Money-losing Hope Brook keys on four problems

Management of Hope Brook Gold (TSE) is under heavy pressure this year to bring about a turnaround in operations at the company’s problem-plagued gold mine on the southwest coast of Newfoundland. Last year’s gold production of 84,324 oz. at Hope Brook was well below the target level of 120,000- 140,000 oz., and the mine’s average cash cost hit a high of $556 (US$471) per oz.

The 75.7% owned subsidiary of BP Canada (TSE) racked up a hefty loss of $18.8 million last year, compared to a profit of $2.9 million in 1988.

In its first year of full-scale production, the mine fell short of targets due to four main problems, the company said. There were difficulties with effluent treatment, underground haulage, mill throughput and metallurgical recovery. The resolution of those difficulties has become priority for Hope Brook this year.

“Our intention is to see these problems through,” President John Auston told The Northern Miner. “We’re optimistic we can lick them.”

He stressed that the difficulties at the mine have been technical in nature, rather than with the tonnage of reserves or gold grades in the orebody.

Originally designed for a 10-year mine life, the Hope Brook deposit hosts proven and probable reserves of 11.2 million tons grading 0.112 oz. gold per ton. Forecast production for 1990 is 124,000 oz. at a targeted average cost of US$250 per oz.

One of the most severe problems last year was a failure in the effluent treatment system which caused a 5-week shutdown of the mill and added considerably to costs. “It’s costing us a lot of money to regulate the effluent,” said Auston, but a new sulphur dioxide treatment system is being installed this year which should reduce costs.

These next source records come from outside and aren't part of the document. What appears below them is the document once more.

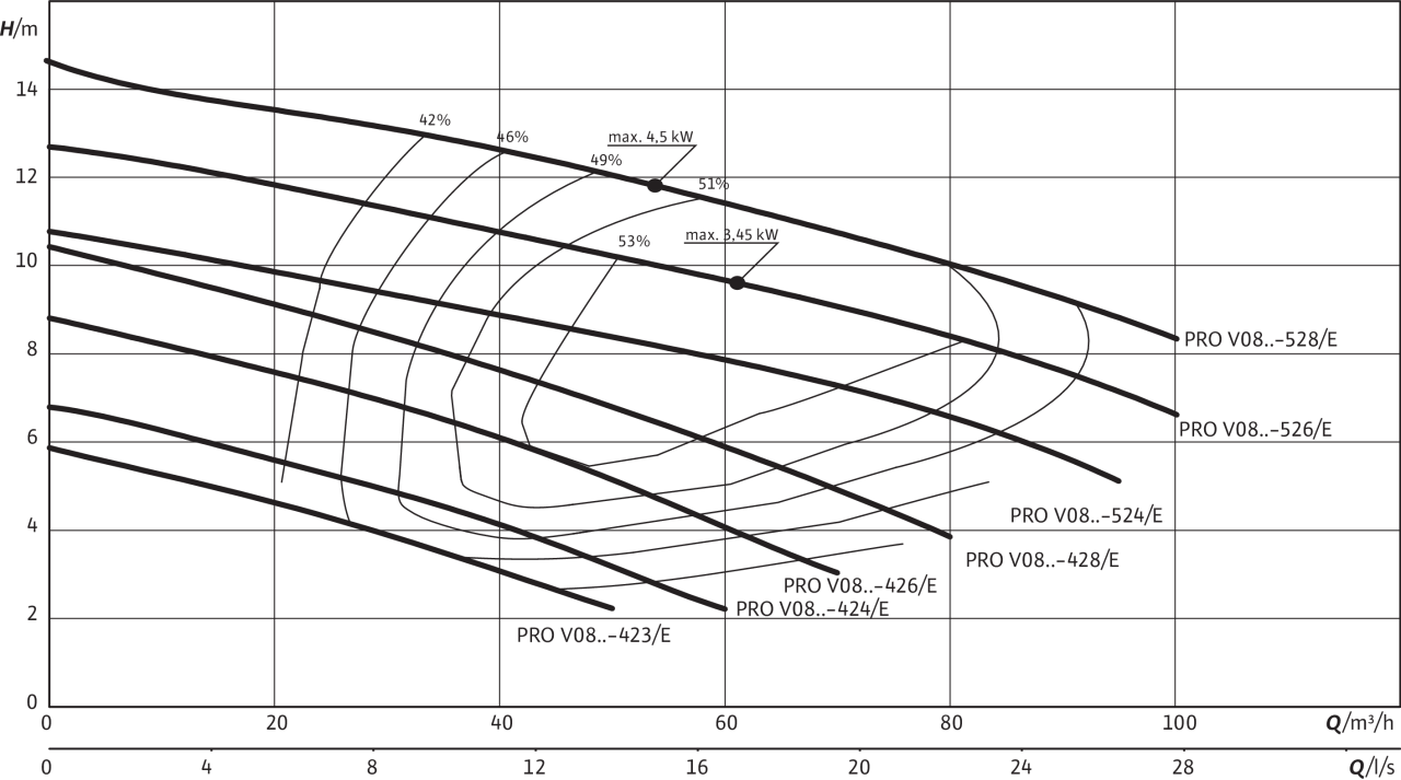 Технический паспорт Характеристики Wilo-Rexa PRO V08-42../V08-52.. - 50 Гц - Число полюсов: 4 Характеристики согласно ISO 9906, приложение A. Указанный коэффициент полезного действия соответствует гидравлическому коэффициенту полезного действия. Агрегат...
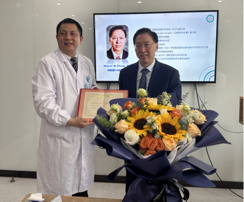 张玮教授作为一位华裔美国血管外科医生,在国际血管外科专业领域卓有成就,他多年来为中国血管外科事业的发展倾注了极大的热情,为中国血管外科专业发展与国际接轨和交流给予了极大的帮助,陕西省保健学会血管外科专业委员会讨论决定,聘请张玮教授为第二届陕西省保健学会介入血管专业委员会顾问,由禄韶英主任为张玮教授颁发聘书。张玮教授也表示,以后会加强与我院血管外科的合作,提供更多学术、临床及技术方面的支持及指导。
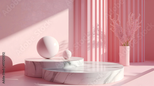 3d interior ball and marble podium with sunlight and pink background
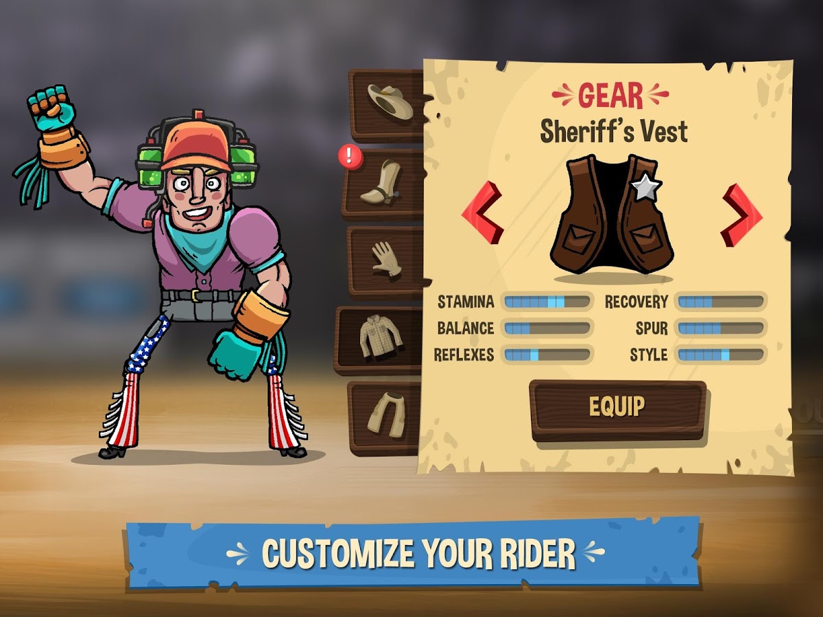 Выберете себе героя и садитесь на быка, но держитесь крепко, вас ждут 8 секунд веселья, и огромных прыжков, пока бык будет пытаться вас сбросить со своей спины. Играйте и зарабатывайте очки, благодаря которым вы сможет попасть в Лас-Вегас на финал чемпионата PBR. Начните свою карьеру прямо сейчас и дойдите до финала получив уйму наград.
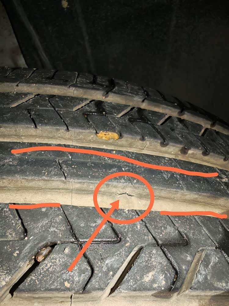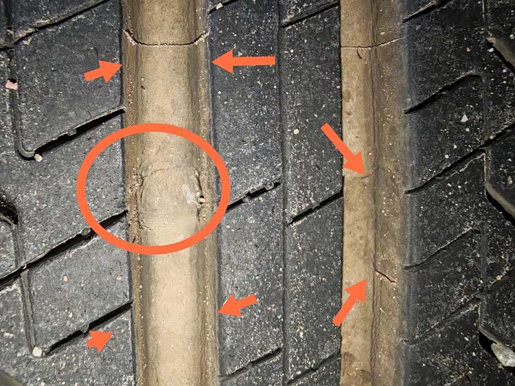 外伤性开裂则是由于撞击、刮擦异物导致,形状和位置通常没有规律,往往比较深,甚至可能伤及内部的帘布层。
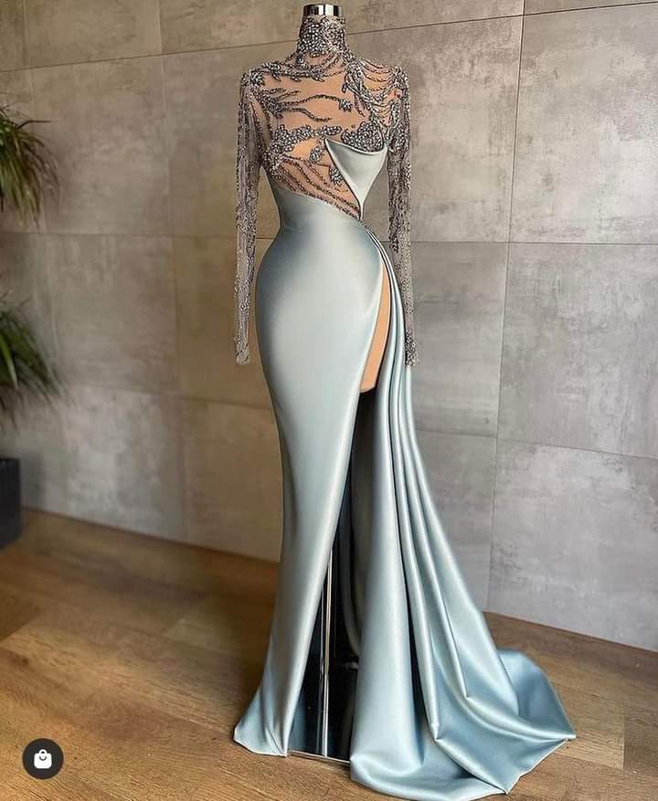 فستان سوارية طويل وانيق بلون الفضي حرير براند اصلي مستورد
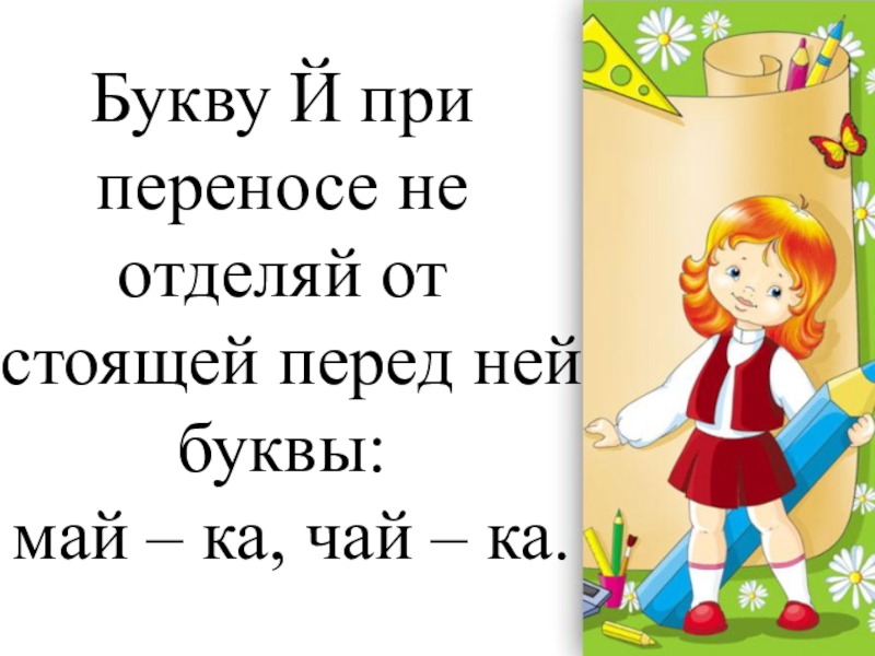Слайд 5Букву Й при переносе не отделяй от стоящей перед ней буквы:
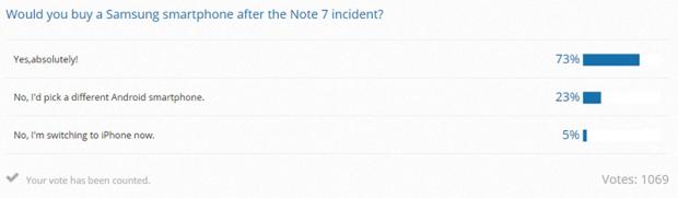 Như ảnh bên trên, trong 1.069 người bình chọn thì có đến 73 % người dùng sẽ tiếp tục ủng hộ Samsung, chỉ 23 % là muốn mua một chiếc Android của hãng khác và quyết định chọn iPhone để thay thế dường như chỉ có 5 % người dùng.
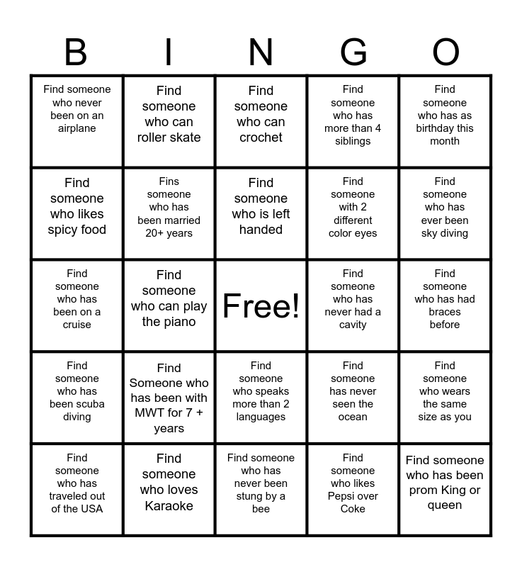 This bingo card has a free space and 24 words: Find Someone who has been with MWT for 7 + years, Find someone who loves Karaoke, Find someone who is left handed, Find someone who has traveled out of the USA, Find someone who has as birthday this month, Find someone who never been on an airplane, Find someone who likes spicy food, Find someone who can roller skate, Find someone who has never had a cavity, Find someone who speaks more than 2 languages, Find someone with 2 different color eyes, Find someone who has been on a cruise, Find someone has never seen the ocean, Find someone who wears the same size as you, Fins someone who has been married 20+ years, Find someone who likes Pepsi over Coke, Find someone who has had braces before, Find someone who can crochet, Find someone who has ever been sky diving, Find someone who can play the piano, Find someone who has been prom King or queen, Find someone who has been scuba diving, Find someone who has more than 4 siblings and Find someone who has never been stung by a bee.

Problems in the mill also occurred when throughput in the grinding section was reduced by a high content of mafic rocks scattered throughout the ore zone. Auston explained that irregularly shaped mafic inclusions accumulated in the SAG mill and cut down on throughput of gold ore. “The mafics are about 17% of the orebody and they create a crushing and grinding problem,” he said.

To remedy the situation, the company is hoping to sort out the mafic inclusions by their size and magnetic characteristics. “There may be a solution in hand in the form of a dual system to separate these rocks,” he said.

Early tests have been promising, and a decision on installation will be made by mid-year.

Metallurgical recoveries have also been lower than expected averaging only 83% in 1989, compared with a design level of 91%. Further bulk-sampling and metallurgical tests are under way to improve the shortfall, he explained.

Difficulties have also been experienced with the Kiruna electric haulage trucks which carry 50-ton loads of uncrushed ore up a decline to the surface. “Getting the trucks to operate effectively has been a problem,” he said. Meanwhile, the electric trucks have been supplemented by diesel units pending a resolution of the operational problems.

On the financial side, a total of 35,100 oz. of the mine’s 1990 gold production has been sold forward at an average price of US$433 per oz. Some form of debt restructuring will also have to be considered this year by the company as interest payments of nearly $8 million and $9.6 million in principal repayments on a bank loan come due.

Shares of Hope Brook, of which nearly 22.7 million are held by BP Canada, have traded recently at a low of $1.35 within a 12-month range of $1.20-3.95.